しかし、先ほど得た情報の中でイルシーは気になった点がある。
「つかヤツらの姫さんもさぁ、ヤク中っぽいんだよなぁ」
「どう言う事だ」
主の問いに対して答えはその姿で現した。
服はそのままだが、フードを取ると顕になった褐色の肌と紺青の髪と瞳。髪をかき上げながら自信に満ちた女性の声が通る。
「妾は美しかろう?」
「えー、僕の好みじゃないかなー」
「顔色も悪いし細すぎだ。不健康極まりないな」
リアンとファウストからは手厳しいの一言。
イルシーはそれを受け流し机に腰掛けると、か細い指をコージャイサンの顔に向ける。触れそうで触れないギリギリで止めると艶然と微笑んだ。
「妾の側に侍る栄誉をやろう」
「いらない」
「ハハッ! 全然興味ねーなぁ!」
動じるとは思っていなかったが、眉一つ動かさずに斬り捨てるコージャイサンにイルシーは女声をやめ地声でケラケラと笑う。
「ま、アイツらはこれを美しいだのなんだの言ってんだけど。俺ももっと肉がついてる方が好みなんだけどさぁ」
「お前の好みは聞いてない」
「コージャイサン様も健全なお年頃なんだし、たまにはこういう会話もいいだろ?」
「鬱陶しいだけだ」
「ひでぇ」
にべもない返しにイルシーはまたも笑うがコージャイサンの態度は変わらない。
ふと興味が湧いて出た。
年若い主に視線を送ってみるが、姫への関心は元よりなく、写真やシガレットケースを見て思案顔をしている。
「これに比べたらイザンバ様って実はかなり良い素材なんだよなぁ」
藪から棒になんだ、と全員の視線がイルシーに向く。
注目を浴びて満足そうな笑みを浮かべると彼はそのまま話し続けた。
「イザンバ様のスタイルって平均的なんだけど、ボディラインが整っててさぁ。だから割と何でも着こなせるんだよなぁ。顔も平凡だっていうけど化粧映えするし。なぁ?」
ボディラインをなぞるように手を動かしながらファウストに話を振れば、確かに、と彼は頷いた。
「イザンバ様は痩せすぎず太りすぎず、実に健康的でいらっしゃる。それによく笑うお方だからその明るさがそのまま人となりに現れておいでで好感が持てる」
「舞踏会の時もドレスにも負けてなかったし普通にアリだよね。それに喋らなかったらただのいいところのお嬢様だし。あのハイテンションと暴走にはついていけないけど、僕も嫌いじゃないよ」
オタクの面においては理解し難いが、見た目においてファウストもリアンも好感を持っている。
コージャイサンがしっかり聞いていることを確認して、さらにイルシーは言葉を続ける。
「シャスティが気合い入れてた分、髪も肌も綺麗だしなぁ。

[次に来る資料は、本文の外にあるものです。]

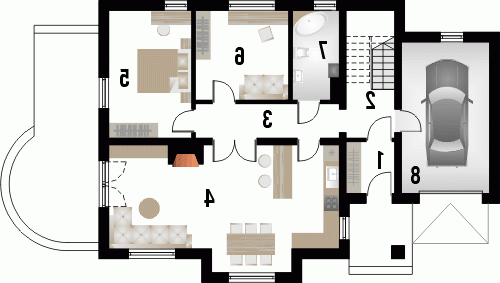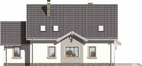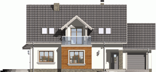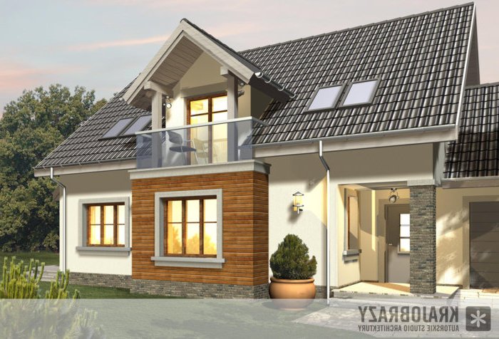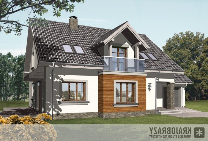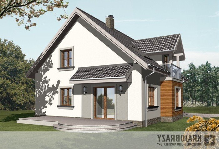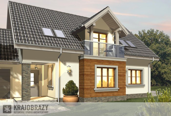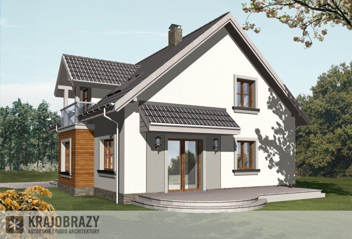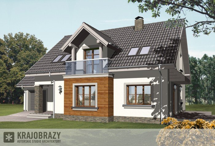 Dom jednorodzinny z grupy projektów nowoczesnych autorstwa pracowni KRAJOBRAZY. Atrakcyjny schemat funkcjonalny budynku został zamknięty w bryle o nowoczesnych detalach. Odpowiednio dobrane materiały wykończeniowe oraz kolorystyka zewnętrzna sprawiają, że dom wygląda współcześnie i będzie dobrze się prezentował w prawie każdym otoczeniu.

囮してた時にちょっと化粧とか服の感じ変えただけでナンパ男もすぐ寄ってきたし。チャラいのから本気のまで」
「それ普通にモテてるじゃん」
「だろ? すぐに手出してこようとしたヤツもいたしなぁ」
それに関しては丁重かつ過激に制裁を加えたのでなんの危険もなかったが。
イザンバに扮したイルシーがナンパされたと聞いてリアンは目を丸くしているが、ファウストは納得の表情で。
「清潔感があって愛らしい。立ち居振る舞いが美しい。淑女の仮面の柔らかい微笑みに余計に手が届きそうな感じがしていいんだろう」
「貴族らしくないけど、傲慢さとか陰険さとか無縁な感じだよねー。害がないって分かるから側に寄りやすいし」
リアンはイザンバを無害判定して。
高嶺の花ではなく、手入れされた花。
とびきり人目を引く訳ではないが、毒気のない佇まいにより人は惹きつけられ手を伸ばす。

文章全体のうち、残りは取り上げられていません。